- **WHAT YOU NEED TO DO**: Each line in the records below, from the one that contains "2014年,我们开始应用广联" to the one that contains "The presentation also", should be reproduced exactly, the first and last included.

- **ENTRIES SUPPLIED**:
· · · · ·
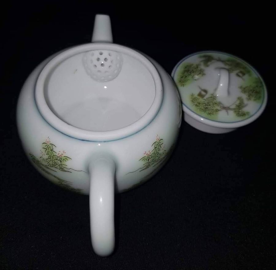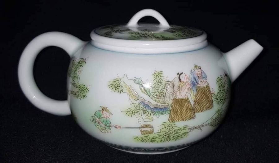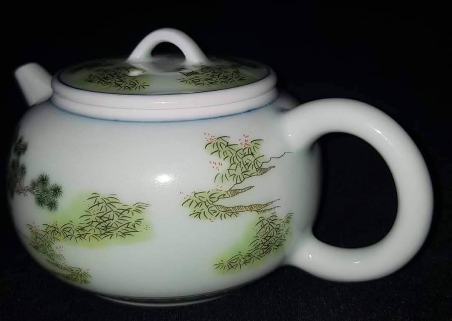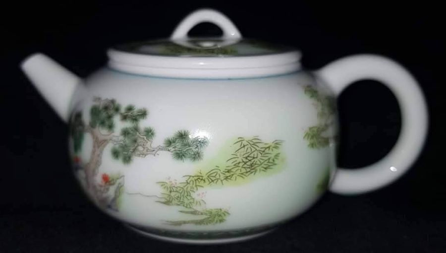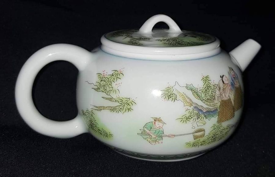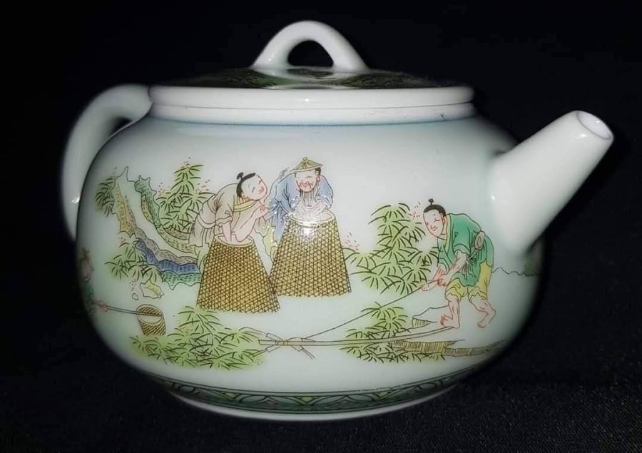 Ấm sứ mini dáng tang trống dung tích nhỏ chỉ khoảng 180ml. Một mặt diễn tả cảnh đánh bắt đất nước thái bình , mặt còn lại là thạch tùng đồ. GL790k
· · · · ·
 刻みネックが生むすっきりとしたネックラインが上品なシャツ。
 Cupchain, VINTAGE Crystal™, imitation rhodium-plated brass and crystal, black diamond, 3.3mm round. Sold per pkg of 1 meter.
· · · · ·
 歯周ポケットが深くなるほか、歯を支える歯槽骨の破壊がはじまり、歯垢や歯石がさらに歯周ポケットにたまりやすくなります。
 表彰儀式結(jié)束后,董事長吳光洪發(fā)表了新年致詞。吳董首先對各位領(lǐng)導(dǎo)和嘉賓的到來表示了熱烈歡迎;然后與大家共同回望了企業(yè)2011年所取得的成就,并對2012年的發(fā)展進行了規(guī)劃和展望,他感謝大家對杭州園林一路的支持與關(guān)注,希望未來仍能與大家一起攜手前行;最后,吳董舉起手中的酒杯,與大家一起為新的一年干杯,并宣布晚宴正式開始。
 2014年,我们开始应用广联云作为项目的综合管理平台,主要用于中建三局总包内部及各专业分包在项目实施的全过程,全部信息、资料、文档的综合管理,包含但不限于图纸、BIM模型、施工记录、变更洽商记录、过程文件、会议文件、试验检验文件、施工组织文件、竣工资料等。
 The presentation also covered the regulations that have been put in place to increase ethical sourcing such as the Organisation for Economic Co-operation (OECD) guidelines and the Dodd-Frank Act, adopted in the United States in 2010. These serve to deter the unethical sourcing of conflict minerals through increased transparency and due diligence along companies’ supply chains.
· · · · ·
- **ANSWER SECTION**:
 2014年,我们开始应用广联云作为项目的综合管理平台,主要用于中建三局总包内部及各专业分包在项目实施的全过程,全部信息、资料、文档的综合管理,包含但不限于图纸、BIM模型、施工记录、变更洽商记录、过程文件、会议文件、试验检验文件、施工组织文件、竣工资料等。
 The presentation also covered the regulations that have been put in place to increase ethical sourcing such as the Organisation for Economic Co-operation (OECD) guidelines and the Dodd-Frank Act, adopted in the United States in 2010. These serve to deter the unethical sourcing of conflict minerals through increased transparency and due diligence along companies’ supply chains.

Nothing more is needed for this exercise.